### [Supplied information]
----------------------------------------

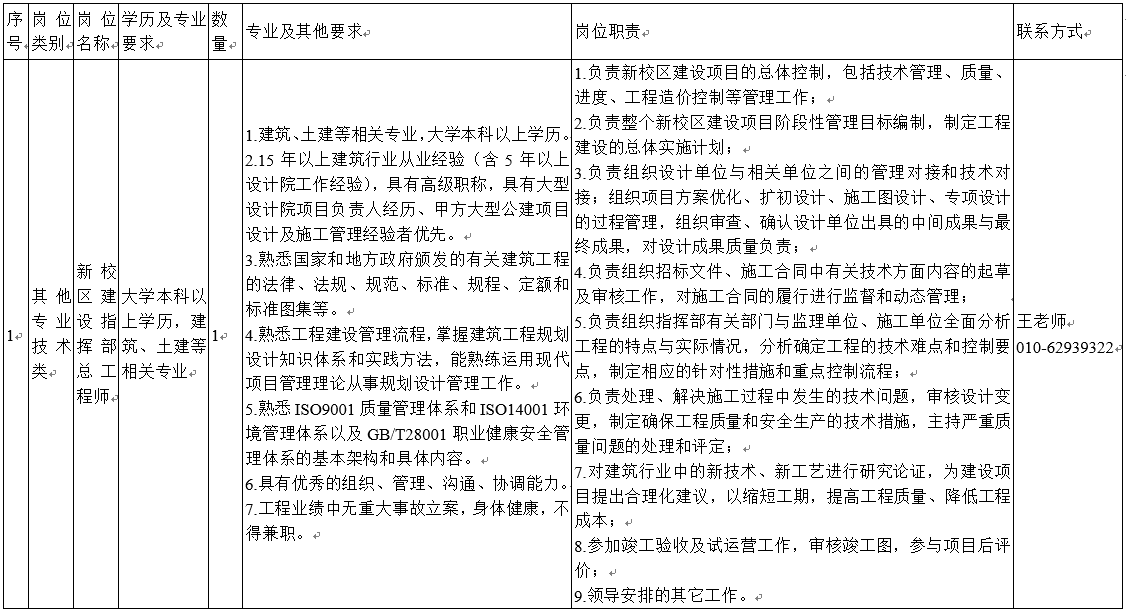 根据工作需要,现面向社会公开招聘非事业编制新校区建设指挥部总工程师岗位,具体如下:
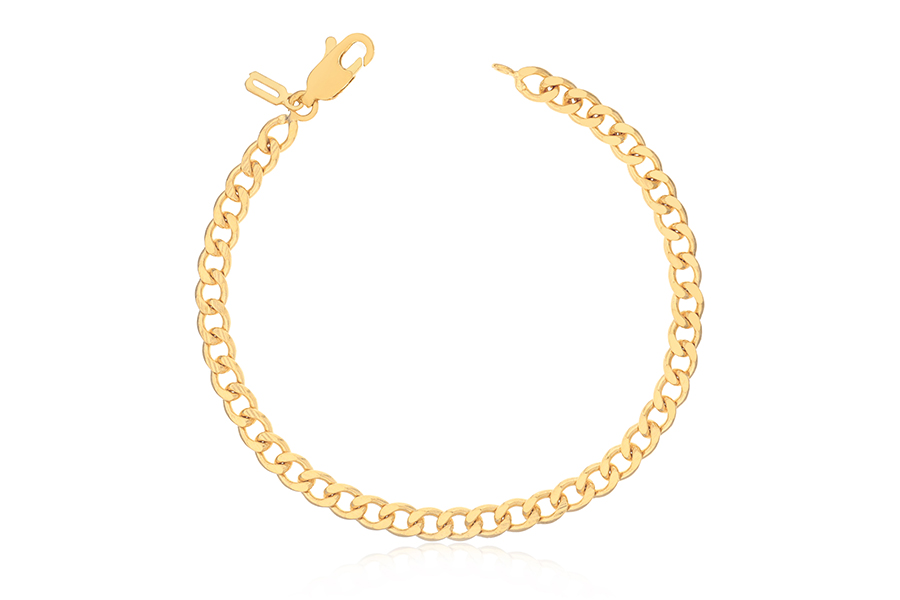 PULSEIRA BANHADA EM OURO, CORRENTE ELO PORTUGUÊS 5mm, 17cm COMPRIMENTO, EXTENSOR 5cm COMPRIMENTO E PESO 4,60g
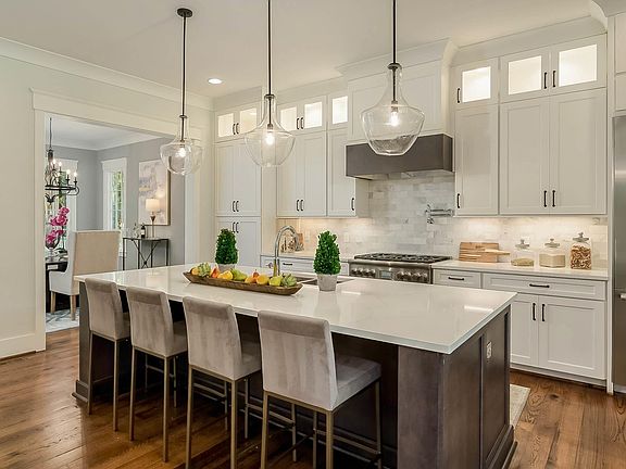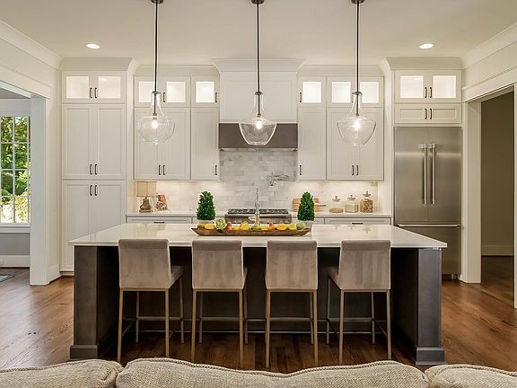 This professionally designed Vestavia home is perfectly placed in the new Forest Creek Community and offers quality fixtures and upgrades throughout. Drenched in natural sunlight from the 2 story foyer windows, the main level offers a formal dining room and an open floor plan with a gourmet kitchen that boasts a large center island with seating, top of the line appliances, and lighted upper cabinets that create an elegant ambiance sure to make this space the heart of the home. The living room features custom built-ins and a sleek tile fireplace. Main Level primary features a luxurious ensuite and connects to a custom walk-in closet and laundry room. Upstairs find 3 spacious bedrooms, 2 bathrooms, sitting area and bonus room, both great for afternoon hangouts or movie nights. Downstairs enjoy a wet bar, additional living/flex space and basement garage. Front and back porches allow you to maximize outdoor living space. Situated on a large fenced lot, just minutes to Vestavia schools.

----------------------------------------

### [Task]
Output all lines above precisely. Pictures are to be left out.

### [The completed task]
 根据工作需要,现面向社会公开招聘非事业编制新校区建设指挥部总工程师岗位,具体如下:
 PULSEIRA BANHADA EM OURO, CORRENTE ELO PORTUGUÊS 5mm, 17cm COMPRIMENTO, EXTENSOR 5cm COMPRIMENTO E PESO 4,60g
 This professionally designed Vestavia home is perfectly placed in the new Forest Creek Community and offers quality fixtures and upgrades throughout. Drenched in natural sunlight from the 2 story foyer windows, the main level offers a formal dining room and an open floor plan with a gourmet kitchen that boasts a large center island with seating, top of the line appliances, and lighted upper cabinets that create an elegant ambiance sure to make this space the heart of the home. The living room features custom built-ins and a sleek tile fireplace. Main Level primary features a luxurious ensuite and connects to a custom walk-in closet and laundry room. Upstairs find 3 spacious bedrooms, 2 bathrooms, sitting area and bonus room, both great for afternoon hangouts or movie nights. Downstairs enjoy a wet bar, additional living/flex space and basement garage. Front and back porches allow you to maximize outdoor living space. Situated on a large fenced lot, just minutes to Vestavia schools.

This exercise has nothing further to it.